- What to do -
Under this line is some data; print exactly the lines from the one containing "こちらのテーブルは高さ72c" through its last line, without pictures.

Records contained in a dataset:
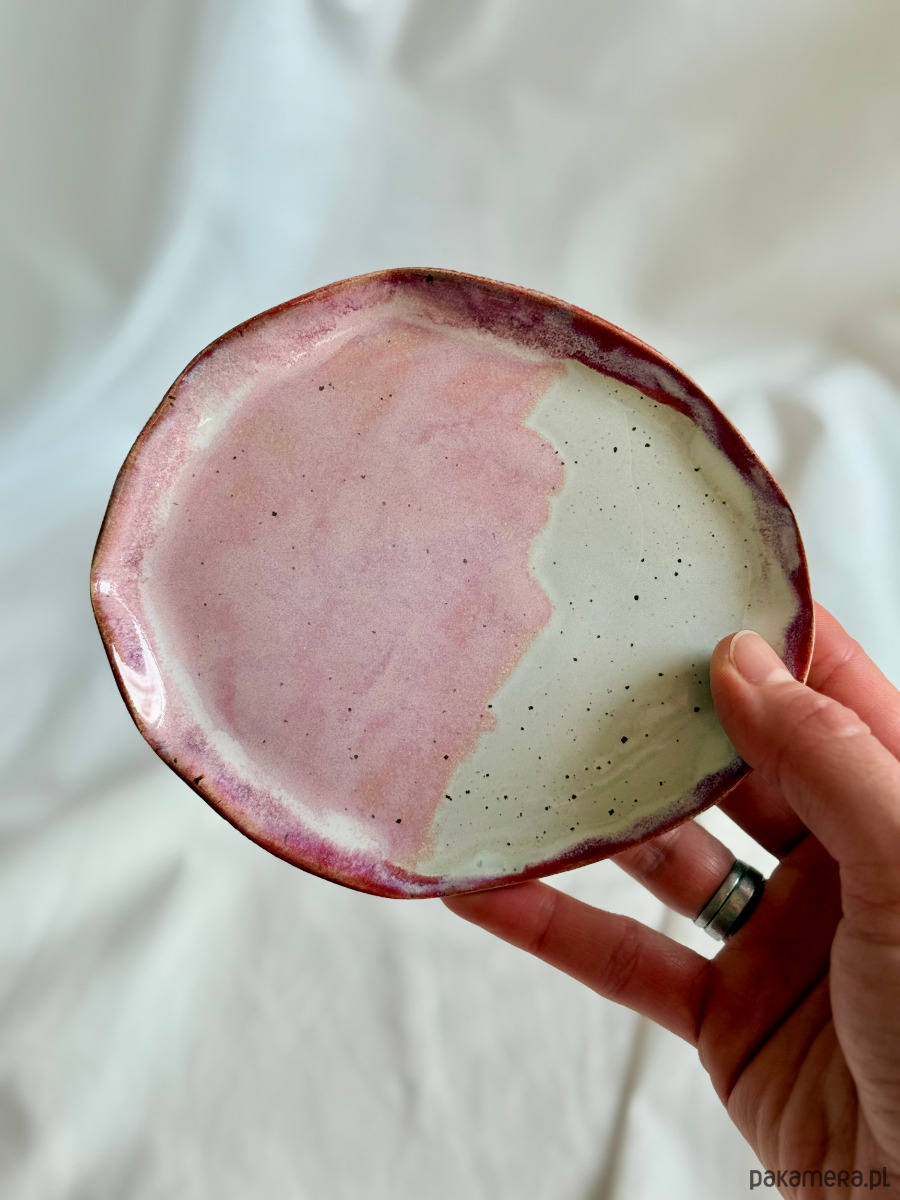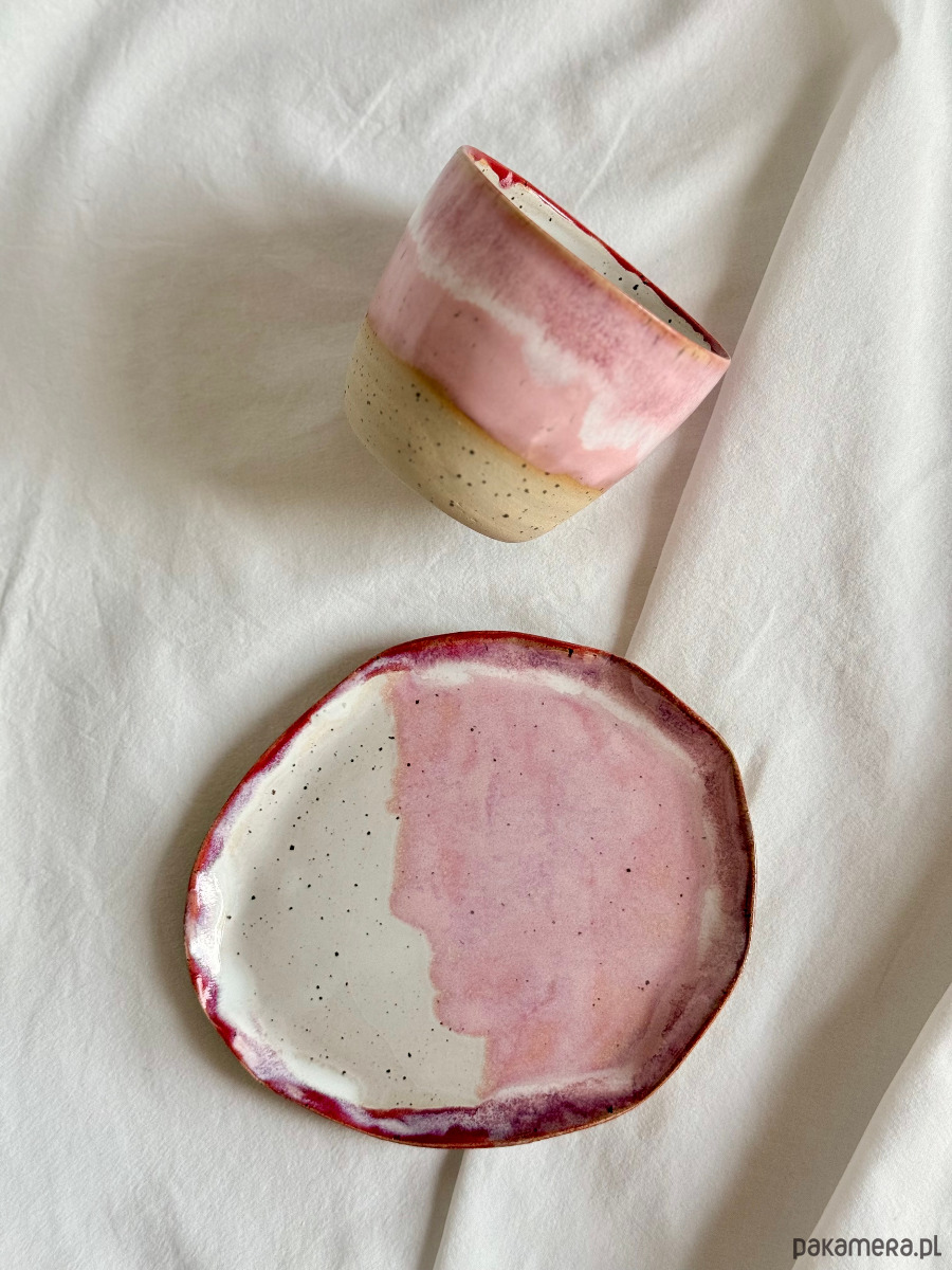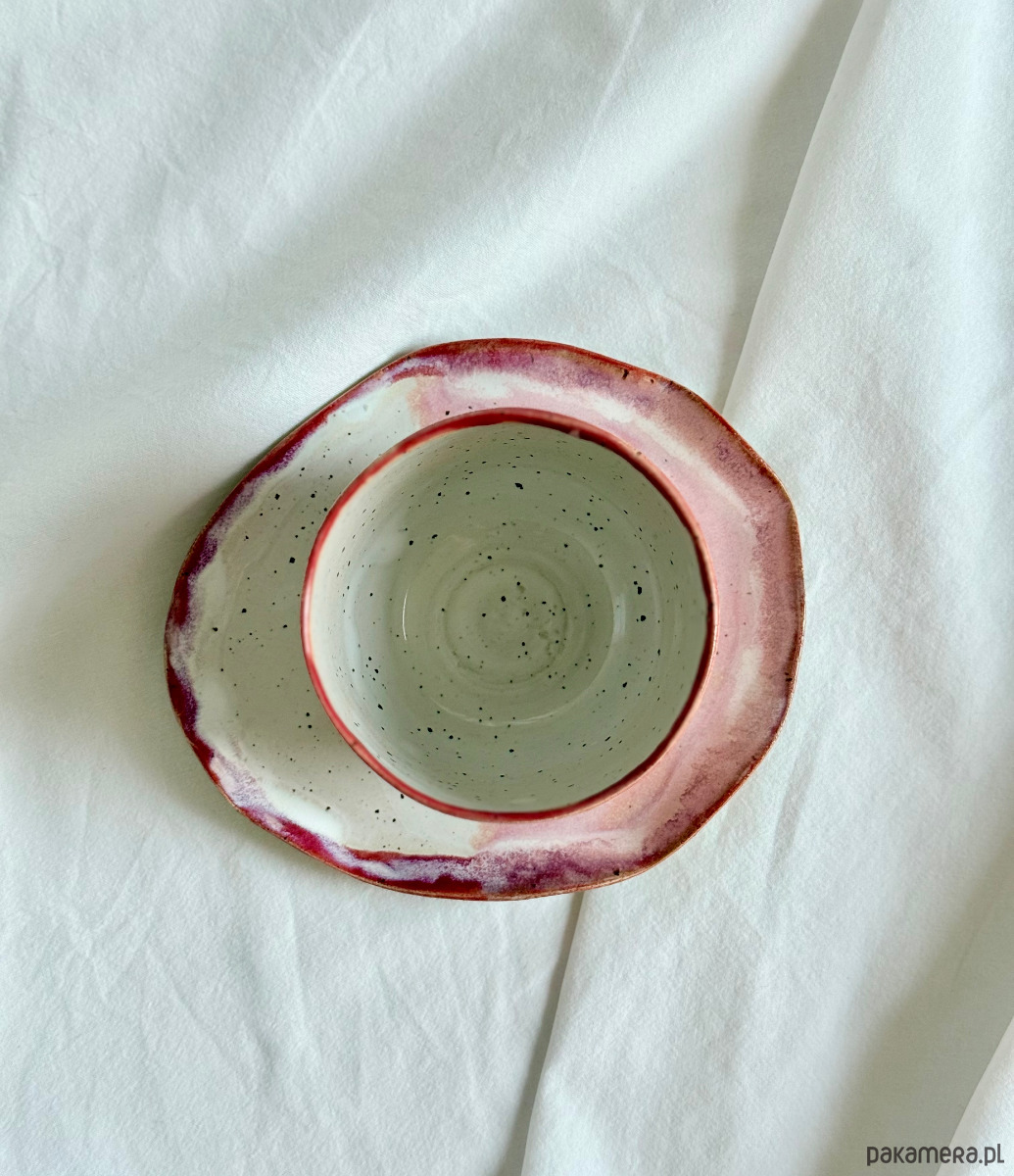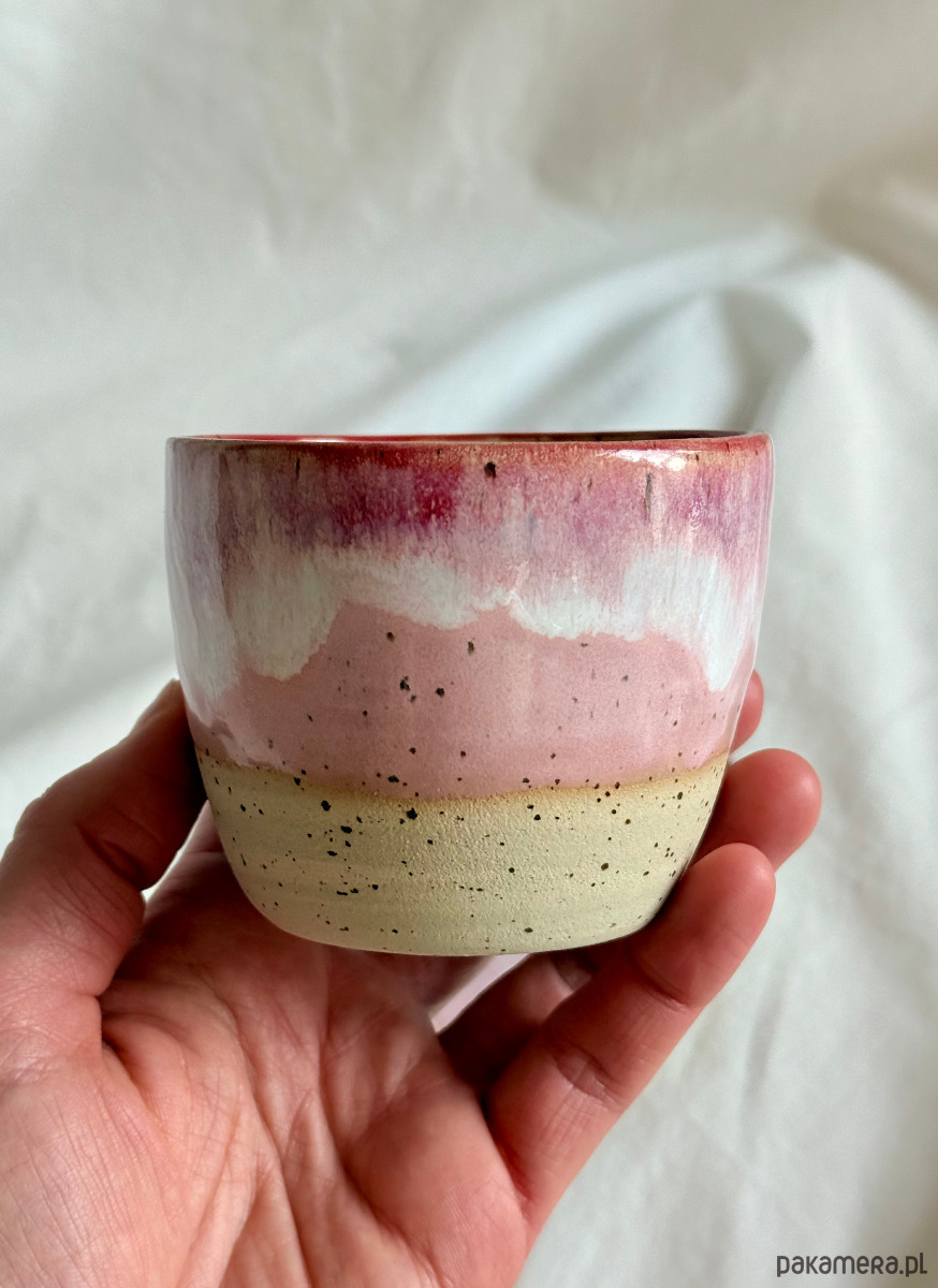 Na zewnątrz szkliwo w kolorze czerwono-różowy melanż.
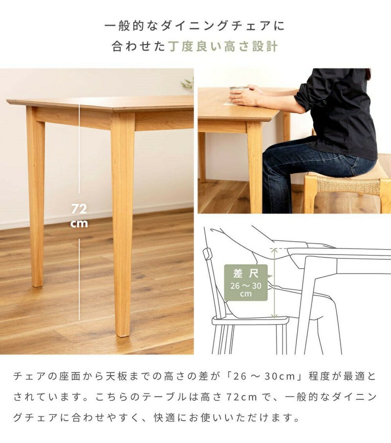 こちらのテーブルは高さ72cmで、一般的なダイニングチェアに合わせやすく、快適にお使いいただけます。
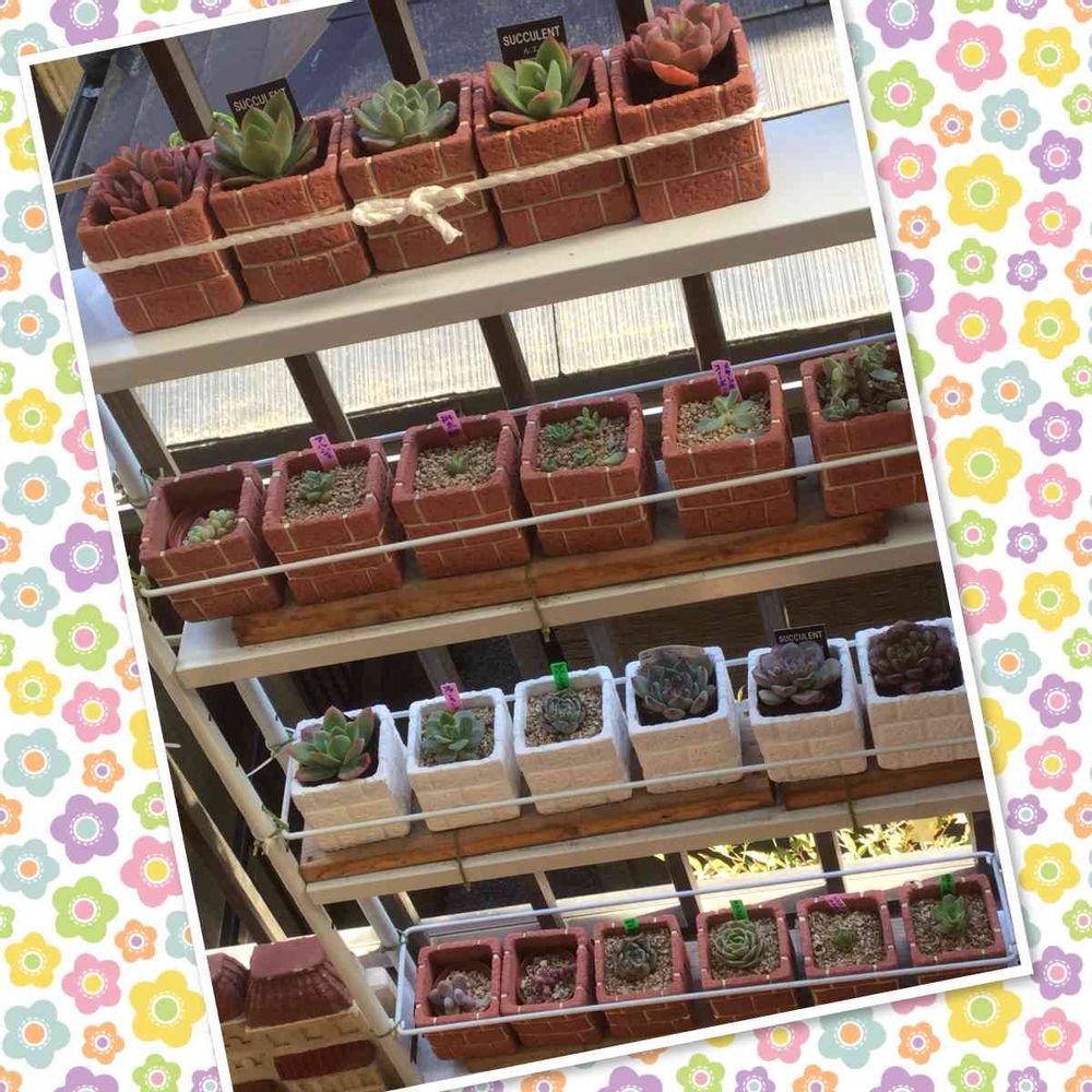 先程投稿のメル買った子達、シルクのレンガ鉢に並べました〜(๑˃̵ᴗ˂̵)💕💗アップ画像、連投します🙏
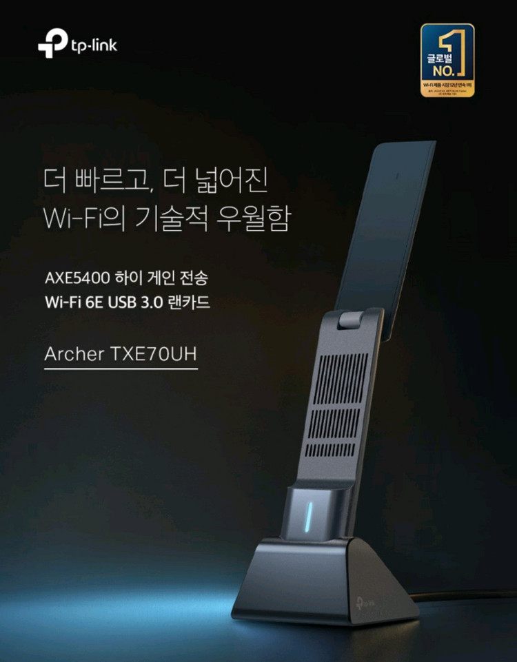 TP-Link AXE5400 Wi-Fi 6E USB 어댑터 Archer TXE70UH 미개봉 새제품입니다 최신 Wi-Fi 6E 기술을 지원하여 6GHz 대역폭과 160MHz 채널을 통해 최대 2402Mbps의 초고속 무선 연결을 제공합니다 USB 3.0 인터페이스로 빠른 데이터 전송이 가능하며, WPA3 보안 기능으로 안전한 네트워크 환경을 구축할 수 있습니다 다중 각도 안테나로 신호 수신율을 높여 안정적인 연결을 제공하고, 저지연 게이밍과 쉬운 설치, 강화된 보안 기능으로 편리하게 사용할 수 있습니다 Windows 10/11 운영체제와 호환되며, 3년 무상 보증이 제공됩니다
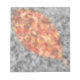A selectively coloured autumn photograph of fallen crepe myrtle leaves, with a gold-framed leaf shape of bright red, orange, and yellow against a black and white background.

- Result of the task -
 こちらのテーブルは高さ72cmで、一般的なダイニングチェアに合わせやすく、快適にお使いいただけます。
 先程投稿のメル買った子達、シルクのレンガ鉢に並べました〜(๑˃̵ᴗ˂̵)💕💗アップ画像、連投します🙏
 TP-Link AXE5400 Wi-Fi 6E USB 어댑터 Archer TXE70UH 미개봉 새제품입니다 최신 Wi-Fi 6E 기술을 지원하여 6GHz 대역폭과 160MHz 채널을 통해 최대 2402Mbps의 초고속 무선 연결을 제공합니다 USB 3.0 인터페이스로 빠른 데이터 전송이 가능하며, WPA3 보안 기능으로 안전한 네트워크 환경을 구축할 수 있습니다 다중 각도 안테나로 신호 수신율을 높여 안정적인 연결을 제공하고, 저지연 게이밍과 쉬운 설치, 강화된 보안 기능으로 편리하게 사용할 수 있습니다 Windows 10/11 운영체제와 호환되며, 3년 무상 보증이 제공됩니다
A selectively coloured autumn photograph of fallen crepe myrtle leaves, with a gold-framed leaf shape of bright red, orange, and yellow against a black and white background.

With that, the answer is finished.